== Dataset extract ==

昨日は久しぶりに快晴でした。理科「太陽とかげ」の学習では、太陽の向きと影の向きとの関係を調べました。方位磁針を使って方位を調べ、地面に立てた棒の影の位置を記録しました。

===
== Dataset extract ==

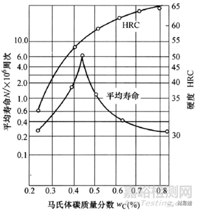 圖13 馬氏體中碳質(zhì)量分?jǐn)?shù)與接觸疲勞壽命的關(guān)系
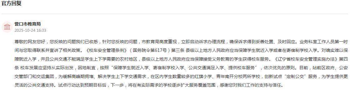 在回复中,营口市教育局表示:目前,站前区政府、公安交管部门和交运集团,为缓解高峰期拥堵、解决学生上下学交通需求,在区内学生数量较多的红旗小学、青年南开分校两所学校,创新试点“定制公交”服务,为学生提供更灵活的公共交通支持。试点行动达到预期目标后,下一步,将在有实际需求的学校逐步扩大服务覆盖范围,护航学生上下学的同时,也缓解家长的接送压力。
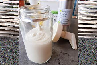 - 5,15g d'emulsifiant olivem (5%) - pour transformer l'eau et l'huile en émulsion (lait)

===

Activity: Using the material above, reproduce only the lines that run from the line with "在回复中,营口市教育局表示:目前,站前区" up to and including the line with "- 5,15g d'emulsifiant", exactly, with the pictures dropped.

Result for this exercise:
 在回复中,营口市教育局表示:目前,站前区政府、公安交管部门和交运集团,为缓解高峰期拥堵、解决学生上下学交通需求,在区内学生数量较多的红旗小学、青年南开分校两所学校,创新试点“定制公交”服务,为学生提供更灵活的公共交通支持。试点行动达到预期目标后,下一步,将在有实际需求的学校逐步扩大服务覆盖范围,护航学生上下学的同时,也缓解家长的接送压力。
 - 5,15g d'emulsifiant olivem (5%) - pour transformer l'eau et l'huile en émulsion (lait)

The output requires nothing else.